I'm trying to show that the global dimension of $\mathbb Q [x]$ is $1$.
I have shown that $D(\mathbb Q [x]) \leq 1$ as follows. One can reduce to the case of showing that
$$\text{sup}_{\{B\}}\; \text{pd}\; B = \text{sup}_{\{I\}} \text{pd}\; R/I \leq 1$$
where $B$ runs over all cyclic $\mathbb Q [x]$-modules and $I$ runs over all ideals of $\mathbb Q [x]$. The statement above follows by $\mathbb Q [x]$ being a PID and thus $\text{pd}\; I = 0$ for all ideals $I$, and considering the exact sequence $0 \rightarrow I \rightarrow R \rightarrow R/I \rightarrow 0$, which gives $\text{pd}\; R/I \leq \text{pd}\; I +1 = 1$. (Since $R$ is certainly projective).
But once I've shown that $D(\mathbb Q [x]) \leq 1$, how do I show that there is a $\mathbb Q [x]$-module that is not projective (and hence that $D(\mathbb Q [x]) > 0$)?
Any help is much appreciated, my knowledge of projective modules is rather shaky...
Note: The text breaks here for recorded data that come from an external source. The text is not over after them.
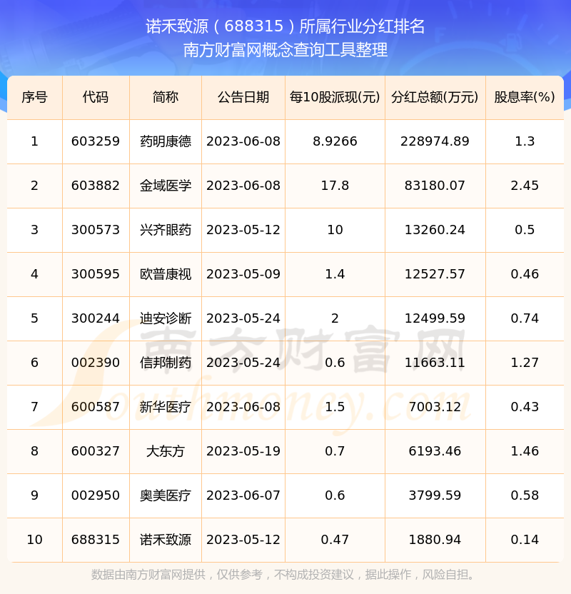 按照南方財(cái)富網(wǎng)趨勢(shì)選股系統(tǒng)統(tǒng)計(jì),諾禾致源所屬行業(yè)為醫(yī)學(xué)研究行業(yè),醫(yī)學(xué)研究行業(yè)分紅排名情況如下表: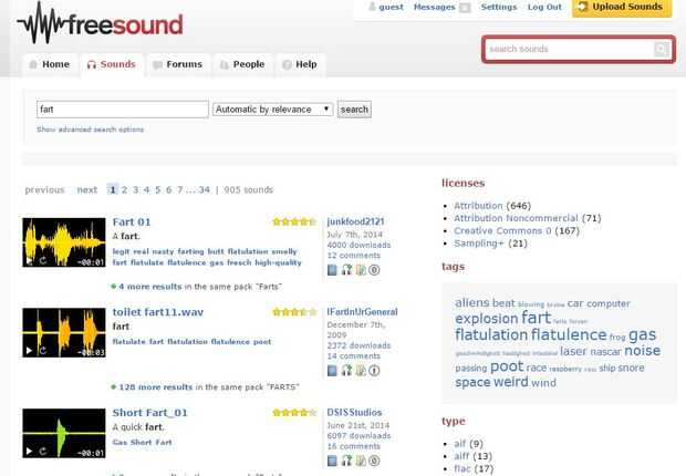 Si vas a freesound.org usted encontrará cualquier número de ruidos muestra libre para su uso en proyectos (consultar la licencia con lo que usted elija). http://Freesound.org/search/?q=Fart
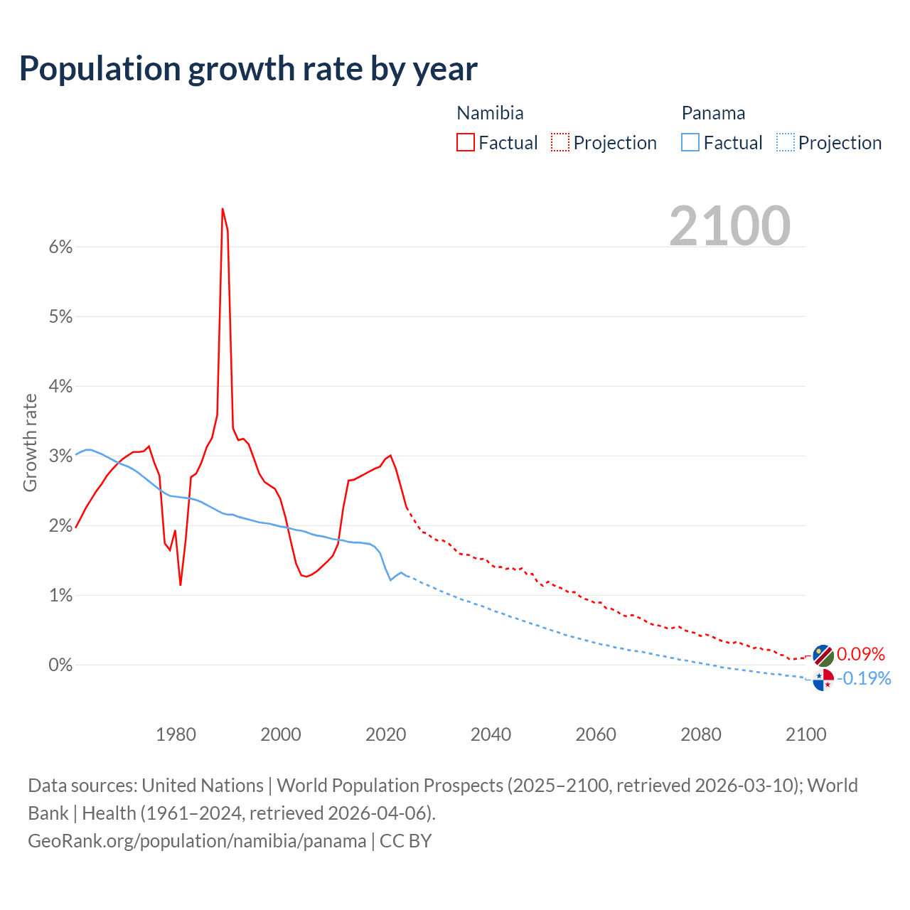 - For the last 10 years, Namibia has had an average growth rate of +2.73% per year vs +1.52% in Panama.

Let $I$ be an ideal of $R$, $I\ne 0,R$. Then $I\simeq R$ (as $R$-modules), and from the exact sequence $$0\to I\to R\to R/I\to 0$$ we get $\operatorname{pd}_RR/I\le 1$. If $\operatorname{pd}_RR/I=0$, then $R/I$ is projective, in particular torsion-free, a contradiction.